One other thing you wanna be aware of is that the bit is screwed on and if your or your guys decides to back the bit out by reversing the drill it's bye bye baby for that bit. Had one of my guys standing there looking at the threaded end of the pipe last week. Right then I showed up and saw him, I knew right away what he had done. When I asked him "did ya reverse the drill" he just hung his head in shame. Took me a bit, but I actually was able to calculate the expected exit point and drove a small rod backwards into the end of the bit and got it out. Couldn't do that again in a million tries I don't believe. You definitely want to be careful not to make that mistake.

PurpHaze
03-11-2006, 09:42 AM
Hey Purp - you must dig some serious trenches before you bore if you run the water full on. If I did that I would be swimming in water not wading in it. I do find that more water is definitely faster at least to a point.

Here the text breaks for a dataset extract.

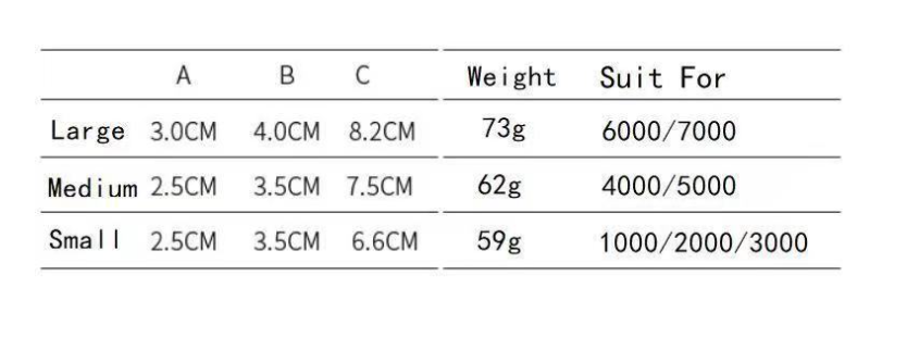 Specifications: small, medium, and large

Maybe it's the difference in our valves or something as to how much water we're talking about. On short, small bores I'll just use the trencher's trench and do the bore while on my knees next to the trench. If I'm boring large pipe then I'm opening up a trench with the Bobcat backhoe. If it's a huge line or a long bore that will take some time and the changing of bits/torpedos then I'll dam up the end of the trench nearest the bore and set up the Honda pump. Keeps me high and dry. :clapping:

One other thing you wanna be aware of is that the bit is screwed on and if your or your guys decides to back the bit out by reversing the drill it's bye bye baby for that bit. Had one of my guys standing there looking at the threaded end of the pipe last week. Right then I showed up and saw him, I knew right away what he had done. When I asked him "did ya reverse the drill" he just hung his head in shame. Took me a bit, but I actually was able to calculate the expected exit point and drove a small rod backwards into the end of the bit and got it out. Couldn't do that again in a million tries I don't believe. You definitely want to be careful not to make that mistake.

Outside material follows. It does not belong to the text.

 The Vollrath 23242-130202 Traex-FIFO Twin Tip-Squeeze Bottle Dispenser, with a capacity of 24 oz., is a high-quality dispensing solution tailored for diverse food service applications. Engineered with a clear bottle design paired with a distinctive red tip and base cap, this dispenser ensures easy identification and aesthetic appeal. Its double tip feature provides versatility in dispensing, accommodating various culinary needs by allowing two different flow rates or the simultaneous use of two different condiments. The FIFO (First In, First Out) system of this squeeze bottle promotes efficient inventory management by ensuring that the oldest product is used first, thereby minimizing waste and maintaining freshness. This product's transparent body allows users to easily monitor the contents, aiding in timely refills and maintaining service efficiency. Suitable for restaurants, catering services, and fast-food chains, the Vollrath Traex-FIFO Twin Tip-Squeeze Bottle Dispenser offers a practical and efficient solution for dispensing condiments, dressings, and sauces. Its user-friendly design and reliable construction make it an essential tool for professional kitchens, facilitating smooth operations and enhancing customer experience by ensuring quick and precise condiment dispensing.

Yup... NEVER reverse the drill. Besides possibly losing your boring bit you may have to start a new bore hole in a different place all over again. :laugh:

AssuredServicesCo
03-14-2006, 11:57 PM
I got under by using a 20' legnth of 3/4 " class 200 pipe. It gave me some flexibility without having to trench back too far from the side of the driveway before getting started. Took me about 20 minutes to ream it out good. Was able to then tape together a 1" main line, 3'4" lateral and my wire to run under. Hope all go this way. It cost me about 15 bucks in materials and I can use it again.

Mr. Vern
03-15-2006, 12:13 AM
I got under by using a 20' legnth of 3/4 " class 200 pipe. It gave me some flexibility without having to trench back too far from the side of the driveway before getting started. Took me about 20 minutes to ream it out good. Was able to then tape together a 1" main line, 3'4" lateral and my wire to run under. Hope all go this way. It cost me about 15 bucks in materials and I can use it again.
What type of driveway was it and what kind of material. I have found that concrete drives with heavy clays are very forgiving with this approach, but look on on the asphalt ones with high sand content under them.

PurpHaze
03-15-2006, 08:01 AM
I got under by using a 20' legnth of 3/4 " class 200 pipe. It gave me some flexibility without having to trench back too far from the side of the driveway before getting started. Took me about 20 minutes to ream it out good. Was able to then tape together a 1" main line, 3'4" lateral and my wire to run under. Hope all go this way. It cost me about 15 bucks in materials and I can use it again.

Good job! Now you're on your way to becoming a borer. :) :drinkup:

AssuredServicesCo
03-15-2006, 08:59 AM
Makes since...I'm already boring. Ha Ha!